▸ **What this task involves**
Exact wording is needed for every line from the one holding "Horn ist das" to the end of the records below; write those lines out and omit the pictures.
++++ Given information ++++
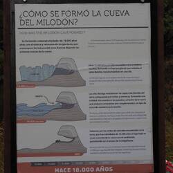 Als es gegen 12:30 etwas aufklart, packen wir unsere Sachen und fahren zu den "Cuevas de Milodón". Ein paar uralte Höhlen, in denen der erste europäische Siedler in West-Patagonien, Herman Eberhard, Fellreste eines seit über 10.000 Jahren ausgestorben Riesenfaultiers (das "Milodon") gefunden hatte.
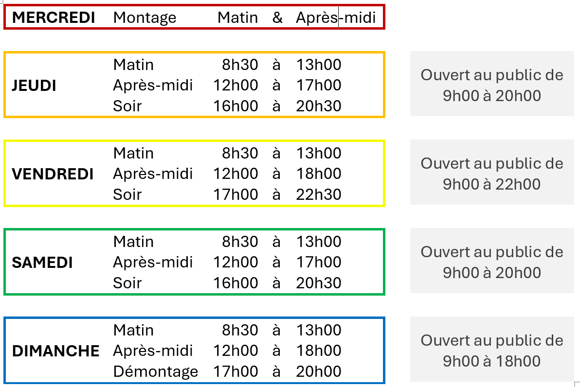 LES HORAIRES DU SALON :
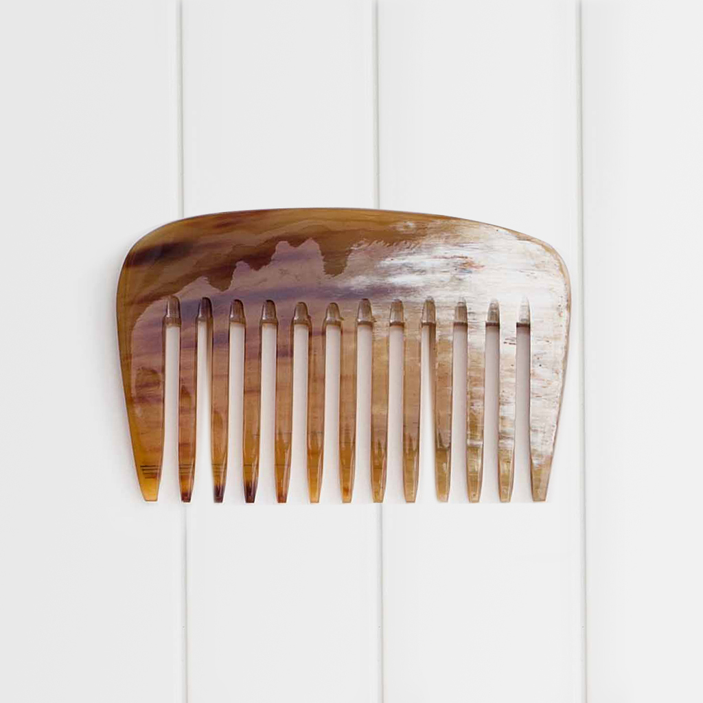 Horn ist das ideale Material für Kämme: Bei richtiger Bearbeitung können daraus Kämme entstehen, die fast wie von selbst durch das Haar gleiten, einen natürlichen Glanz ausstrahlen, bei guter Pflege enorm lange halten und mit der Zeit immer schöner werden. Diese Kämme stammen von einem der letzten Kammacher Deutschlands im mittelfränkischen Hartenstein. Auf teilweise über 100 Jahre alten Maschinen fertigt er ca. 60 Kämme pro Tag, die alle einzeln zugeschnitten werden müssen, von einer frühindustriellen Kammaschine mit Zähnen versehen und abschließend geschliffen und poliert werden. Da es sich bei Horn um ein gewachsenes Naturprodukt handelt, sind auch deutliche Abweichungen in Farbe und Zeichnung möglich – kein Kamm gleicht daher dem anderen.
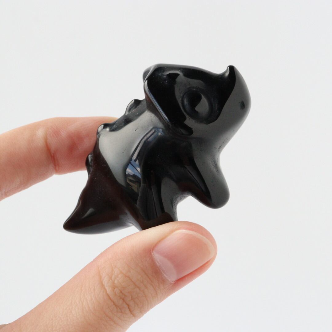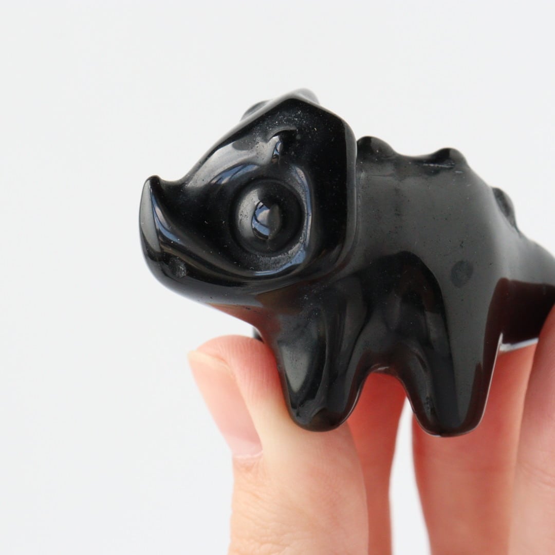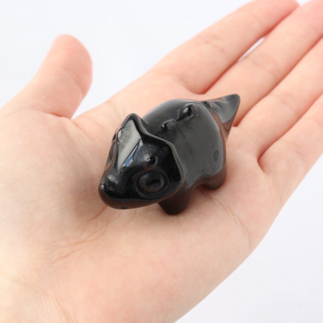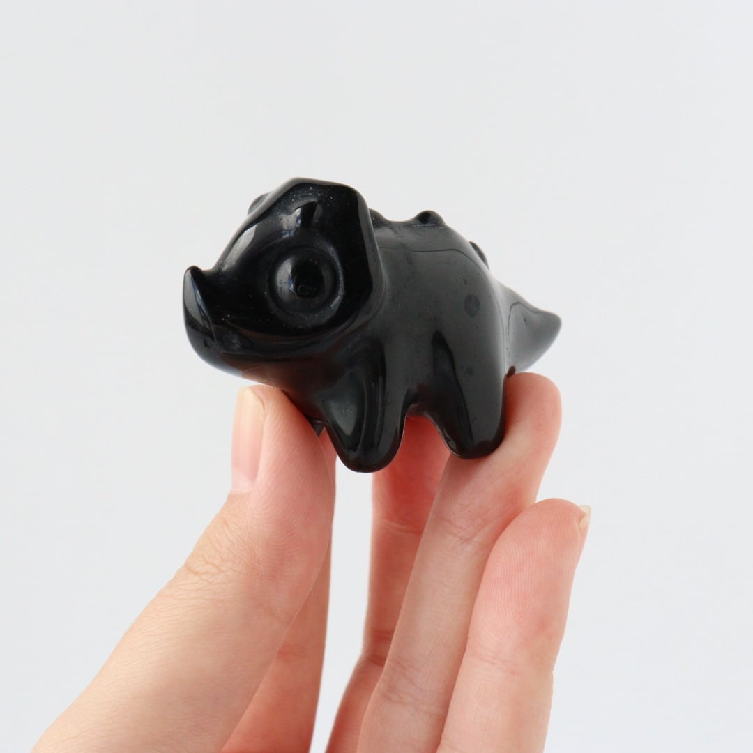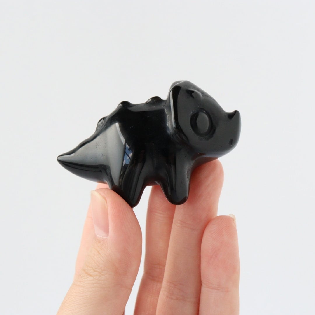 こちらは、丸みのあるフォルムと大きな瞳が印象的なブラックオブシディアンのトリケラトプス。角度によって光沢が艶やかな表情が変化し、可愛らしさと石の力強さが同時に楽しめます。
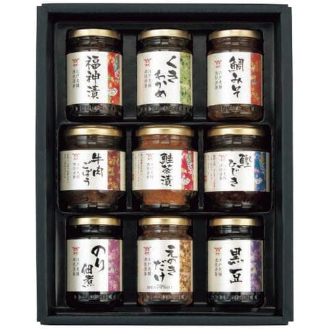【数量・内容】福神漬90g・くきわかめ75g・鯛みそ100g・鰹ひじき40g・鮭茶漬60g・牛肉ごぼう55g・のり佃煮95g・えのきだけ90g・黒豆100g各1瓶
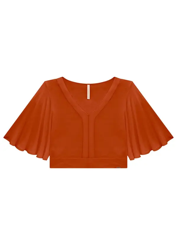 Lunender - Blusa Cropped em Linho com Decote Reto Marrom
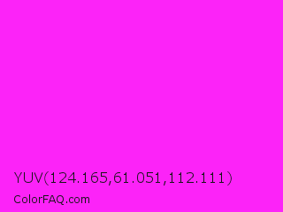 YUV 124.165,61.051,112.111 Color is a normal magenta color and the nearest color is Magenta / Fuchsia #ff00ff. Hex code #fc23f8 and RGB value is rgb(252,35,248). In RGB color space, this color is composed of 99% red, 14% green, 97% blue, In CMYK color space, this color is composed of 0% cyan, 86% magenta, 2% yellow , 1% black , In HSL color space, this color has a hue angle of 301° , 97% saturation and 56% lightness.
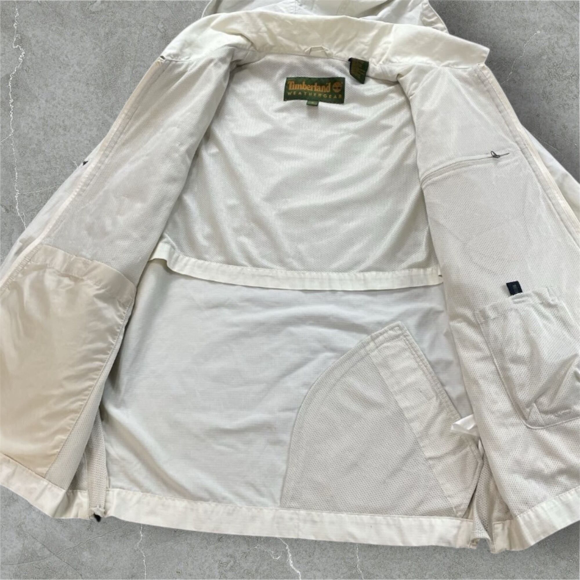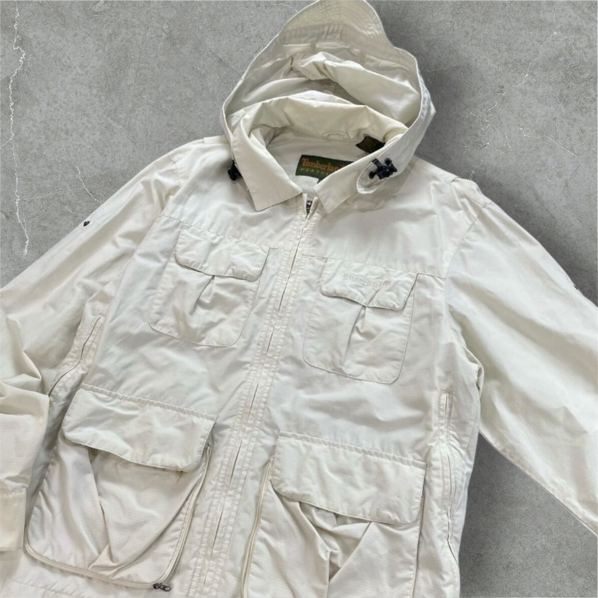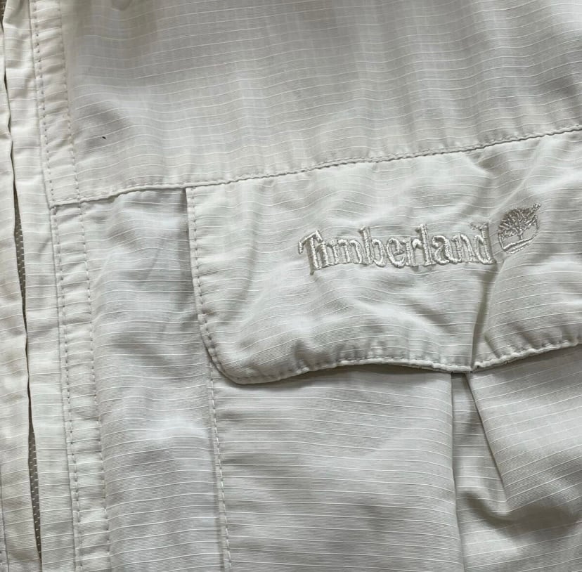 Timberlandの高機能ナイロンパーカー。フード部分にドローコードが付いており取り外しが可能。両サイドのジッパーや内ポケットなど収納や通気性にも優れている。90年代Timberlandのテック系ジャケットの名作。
++++
▸ **Solved exercise**
 Horn ist das ideale Material für Kämme: Bei richtiger Bearbeitung können daraus Kämme entstehen, die fast wie von selbst durch das Haar gleiten, einen natürlichen Glanz ausstrahlen, bei guter Pflege enorm lange halten und mit der Zeit immer schöner werden. Diese Kämme stammen von einem der letzten Kammacher Deutschlands im mittelfränkischen Hartenstein. Auf teilweise über 100 Jahre alten Maschinen fertigt er ca. 60 Kämme pro Tag, die alle einzeln zugeschnitten werden müssen, von einer frühindustriellen Kammaschine mit Zähnen versehen und abschließend geschliffen und poliert werden. Da es sich bei Horn um ein gewachsenes Naturprodukt handelt, sind auch deutliche Abweichungen in Farbe und Zeichnung möglich – kein Kamm gleicht daher dem anderen.
 こちらは、丸みのあるフォルムと大きな瞳が印象的なブラックオブシディアンのトリケラトプス。角度によって光沢が艶やかな表情が変化し、可愛らしさと石の力強さが同時に楽しめます。
【数量・内容】福神漬90g・くきわかめ75g・鯛みそ100g・鰹ひじき40g・鮭茶漬60g・牛肉ごぼう55g・のり佃煮95g・えのきだけ90g・黒豆100g各1瓶
 Lunender - Blusa Cropped em Linho com Decote Reto Marrom
 YUV 124.165,61.051,112.111 Color is a normal magenta color and the nearest color is Magenta / Fuchsia #ff00ff. Hex code #fc23f8 and RGB value is rgb(252,35,248). In RGB color space, this color is composed of 99% red, 14% green, 97% blue, In CMYK color space, this color is composed of 0% cyan, 86% magenta, 2% yellow , 1% black , In HSL color space, this color has a hue angle of 301° , 97% saturation and 56% lightness.
 Timberlandの高機能ナイロンパーカー。フード部分にドローコードが付いており取り外しが可能。両サイドのジッパーや内ポケットなど収納や通気性にも優れている。90年代Timberlandのテック系ジャケットの名作。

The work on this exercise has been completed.